From U.S. Pacific Fleet Public Affairs

This week, we talked with Commander, U.S. Pacific Fleet, Adm. Scott Swift and Fleet Master Chief Suz Whitman to discuss suicide prevention, the need to create a resilient workforce and eliminate barriers that prevent Sailors from seeking help.

“September is Suicide Prevention Month, but suicide prevention is a year-round mission, one in which all of us as shipmates have a role to play to eliminate suicide from our ranks and eliminate the barriers that prevent Sailors from seeking help.”
– Adm. Scott Swift
Commander, U.S. Pacific Fleet

Adm. Swift:

Pacific Fleet Sailors and civilian Sailors, the first principle of my commander’s intent is for us to preserve a resilient workforce. A key to that is rejecting behaviors that place individuals at risk.

September is Suicide Prevention Month, but suicide prevention is a year-round mission, one in which all of us as shipmates have a role to play to eliminate suicide from our ranks and eliminate the barriers that prevent Sailors from seeking help.

Suicide risk reduction is tied to our general resilience efforts, such as maintaining healthy relationships, ensuring Sailors have a sense of belonging, cultivating healthy personal and professional goals, developing coping skills to more effectively manage stress, and timely intervention for persons at risk.

Examination of previous suicides has taught us that common risk factors such as relationship problems, career disruptions like legal problems or professional setbacks, and periods of transitions can all be contributors to someone making a destructive choice. In many cases, these leading indicators, or portions of them, were known by shipmates, but we were not able to connect the dots before a crisis occurred.

Toughness – the ability to resist being overcome by stress – and resilience – the ability to recover from struggles or setbacks – are part of our Navy heritage. They are essential to our mental, emotional and spiritual fitness.

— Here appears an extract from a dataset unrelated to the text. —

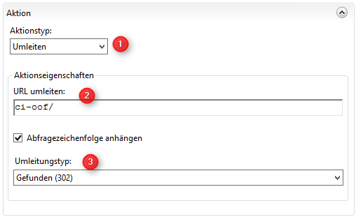 - Aktionstyp ist "umleiten", denn der Anwender soll auf diese neue URL umgeleitet werden.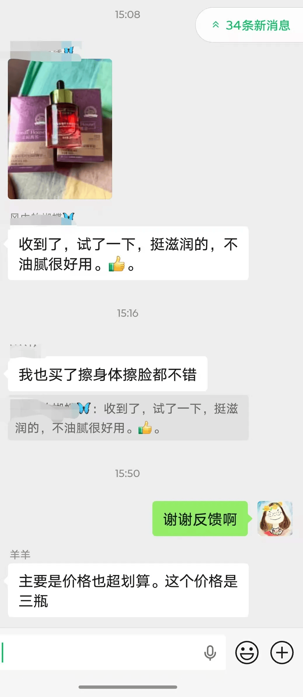 这款玫瑰精油,擦脸的,还可以擦身体、擦头发,价格非常划算。国产货,成份也很实在,任何肤质都可以用,0刺激。

And just as with physical fitness, the key to being in optimal condition is through practice and preventive efforts.

Fleet Master Chief Whitman:

Chaplains, Fleet and Family Services, and embedded mental health programs can help you to develop good practices for your mental, emotional and spiritual fitness – so that when you experience difficult circumstances you will be prepared to handle them. Most importantly, if you find yourself contemplating suicide, please ask for help.

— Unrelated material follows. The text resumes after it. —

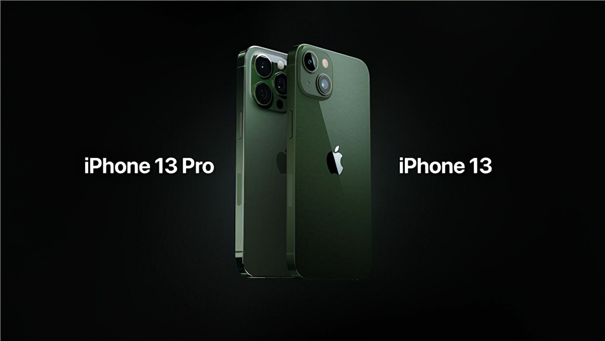 库克宣布了iPhone 13系列的新配色,两种绿色。其中,iPhone 13 mini、iPhone 13上简单直接地叫“绿色”(Green),iPhone 13 Pro、iPhone 13 Pro Max上则是“苍岭绿”(Alpine Green),色调更浅一些。

When it comes to suicide prevention, we are all leaders and we must look out for one another to recognize people at risk and have the courage to ask them if they are having thoughts of suicide or wanting to die.

Words matter. Anyone, regardless of rank may need help from time-to-time. It is important that we convey in our words and our actions that we’ll be there when you need us. Make words like “Every Sailor, Every Day”, “1 Small ACT”, and #BeThere be more than just campaign slogans, make them a part of our culture.

Adm. Swift:

If a fellow Sailor appears to be in need of help, reach out and help them. It’s what shipmates do. It only takes one small act to save a life.